Unfortunately I don't have the results (or the test code) anymore, but it shouldn't be hard to do again (casually at least).

tekknolagi

12 hours ago

I thought a lot of b(+)tree advantage was in bigger-than-RAM something or other for large databases and these benchmarks seem relatively small in comparison

crest

2 hours ago

As long as your puny little working set (2^16 small keys) fits into L2 cache and get is perfectly covered by the L1 dTLB you won't see the cost of touching random pages in a big hash table larger than the last level TLB coverage and on chip caches. There won't be any TLB stalls waiting for the page walkers and you won't miss the lost spacial locality in the key-space preserved by B(+)trees if everything is in L2 cache. At the very least it proves that hash tables can be a good fit for point queries of datasets too large for linear searching or sorting + binary searches, but not yet large enough to exhaust CPU cache capacity.

foota

11 hours ago

B-Trees are good for in memory data too because they have fairly good cache behavior.

marginalia_nu

40 minutes ago

You can line them up with disk blocks, or with CPU cache lines, the effect is relatively similar.

robertclaus

11 hours ago

Ya, I would be curious to see how this performs on out-of-cache data on an SSD and actual hard drive. On the other hand, the findings are definitely still relevant since RAM has gotten fairly cheap and most applications probably fit in it just fine.

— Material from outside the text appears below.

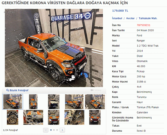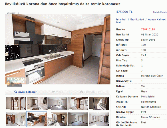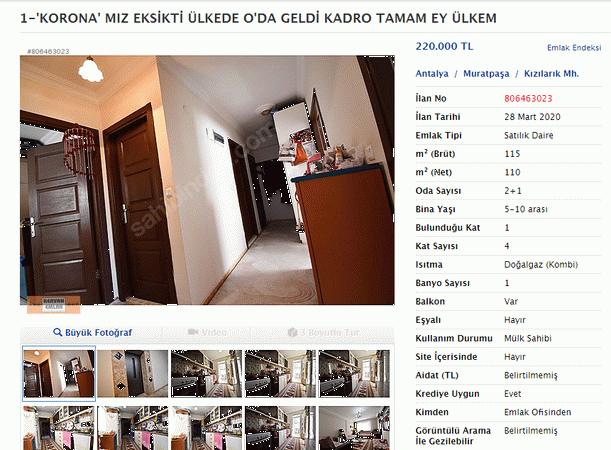 Durumdan dolayı satmak istediği ürünleri satamayan kişilerin, online satış sitelerine yükledikleri ilanlarda, "koronasız temiz daire" , "korona indirimi" , " korona bitince bu fiyatı bulamazsınız" ve benzeri ilanlar görenleri güldürdü.

Regarding databases - Btrees also have a natural sort order, which hash tables don't. This means a btree as your main data structure helps with sort, range, or list operations in a way a hash tables can't. That being said, even traditional databases obviously still use hash tables extensively (ex. Hash joins).

scotty79

10 hours ago

In Rust thanks to it you can have BTreeSet of BTreeSet-s.

xxs

5 hours ago

b-trees are just 'better' binary trees as they have lower amounts of indirections (nodes)

lsb

11 hours ago

Clojure, for example, uses Hash Array Mapped Tries as its associative data structure, and those work well

nialv7

9 hours ago

I feel I missed point of this article. I thought the author is trying to prove that b-tren isn't that bad compared to hashmaps. But taking 2~3x longer looks pretty bad.

If I need predictable ordering (but not actually sorting the keys) I will use something like indexmap, not b-tree.

magicalhippo

5 hours ago

The point seems to be the author found very different estimates of just how much worse b-trees would be. As the author notes, hashmaps have some less desirable properties as well. So the author ran some benchmarks to find out, and ended with the following conclusion:

Overall, I'm unconvinced that it's worth exploring btrees further. I'll stick to hashmaps and I'll either iterate in insertion order or I'll require sorting entries before iterating.